-
Notifications
You must be signed in to change notification settings - Fork 3
Description
Origin: DataLad matrix chat; Nov 2, 2023
OP asks for suggestions on how to handle marking results for retention with tags:
How do you generally proceed in datalad about marking results for retention? My analysis produces results that are larger than the input data. So I would like to find a compromise between keeping intermediate results for some versions but not for all of them. For a single dataset one can solve this using git tag to keep annexed content of a certain commit from being listed by git annex unused.
However, how do you do it for subdatasets? My analysis has another analysis as a submodule and relies on these data as an input to the computations. So for each tag on the superdataset I would need to create a tag in the subdataset and push these tags to their respective remotes on the archive disk.
So far this can be solved by e.g. if I create a tag project-meeting21 in the superdataset, I could automatically create a tag in the subdataset called needed/(datalad-id-superdataset)/project-meeting21. Now I want to also delete needed/ tags in the subdataset if the corresponding tag in the superdataset is gone.

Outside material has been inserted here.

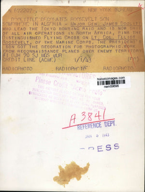 Major General James Doolittle who lead the Tokyo bombing raid and is now chief of all air operations in North Africa, pins the Distinguished Flying Cross on Lt. Col. Elliot Roosevelt, of the Marine Corps. The president's son got the decoration for photographic work from Reconnaissance planes over enemy territory.

This can lead to problems if I have the datasets in multiple places and delete tags in one of them. How to decide when to delete the needed/ tags and how to make sure that if I delete a tag, it is not added back from another instance of the dataset?
Is there any partial or complete solution to this yet or should I make up a solution on my own?
TODO (not necessarily to be performed in this order)
- Inform OP/Add reference to this issue at origin
- Clarifying Qs asked or not needed
- Nature of the issue is understood
- Inform OP about resolution